In these down-trend bearish periods, we turn to the Twitter-Verse to keep us amused and to shit-talk about shitcoins to pass the time. This week it seems even the shit-talkers and the shitcoins were, more or less *gasp*, silent. However, when times are tough as indeed they are, life will sometimes offer you a special treat of sorts to raise your spirits and to keep you from drinking a bottle of Dichlorvos.

One such gem to raise our spirits this week was none other than Mr. Money Matt La Frandt.

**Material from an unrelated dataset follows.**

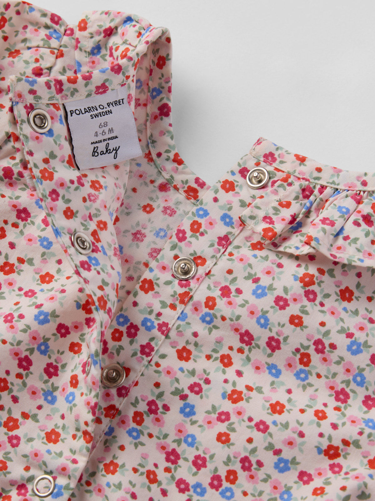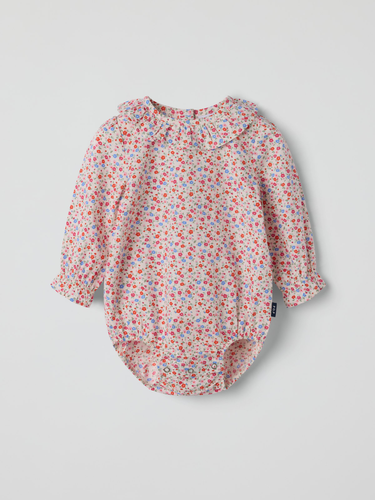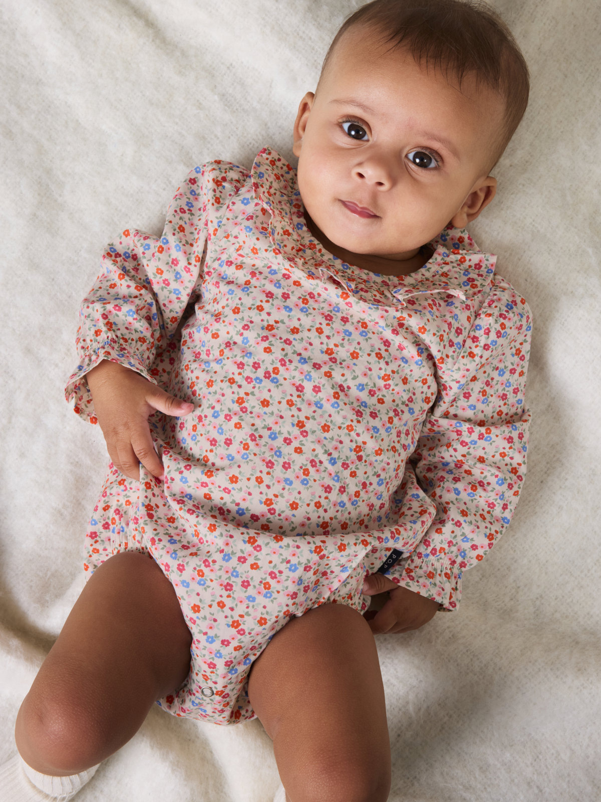 Soft muslin bodysuit made from 100% organic cotton. Features charming frills at the neckline and sleeve ends. Easy nappy changes with practical crotch buttons. Perfect for sibling matching!

Yes, just when we thought Twitter had run out of saltiness and stupidity to amuse us, Mr. La Frandt has taken time out of his hectic schedule of misogyny and scam-artistry and graced us with a 5+ minute Twitter periscope stream, coaching us on ‘Things to do in a bear market’.

Since Mr. La Frandt has been, according to his patreon, ‘in crypto’ since October 2017 we are confident his experience and advice in dealing with and observing ‘bear markets’ is extensive. *insert eye roll*.

I know, dear readers, you will all be anxious to hear the pearls of wisdom that Mr. La Frandt bestowed onto his 20k+ Twitter followers regarding Bear Market activities, so we have taken it upon ourselves to summarize them for you.

Tip Number 1. Smoke Weed. (Hands Down Arguably the best advice that has ever come out of Mr. La Frandts’ mouth – although we aren’t convinced it’s a mainstream solution to a bear-market).

Tip Number 2. Avoid Bear Traps. (*sigh* Great advice except Mr. La Frandt gives no useful ways or examples to actually avoid said traps).

Tip Number 3. Give your mum a hug. (Ok this is advice we should all take on board, bear market or not, everyone go hug your mum, it won’t help your portfolio but it will make your mum feel special).

Tip Number 4. Call your Best Friend Seriously, Unless your BFF is in crypto we’re guessing this catchup will be short-lived; and finally…

Tip Number 5. Be a multiplier, not a Divider – wow this sounds really cool…. WTF does it mean though?

Thus, having bequeathed this vital bear-market survival guide to his adoring followers, Matt leaves periscope with a parting comment on his ‘vibe’ and compares his appearance (and states that others often do) to none other than Oscar Awarding Winning Actor Matthew McConaughey.

(Note* Mr. La Frandt does clarify he’s referring to the Dazed and Confused version of McConaughey, not the Dallas Buyers Club McConaughey)… Umm okay, based on that Matt we fear you might have been partaking in Tip Number 1 a little too much?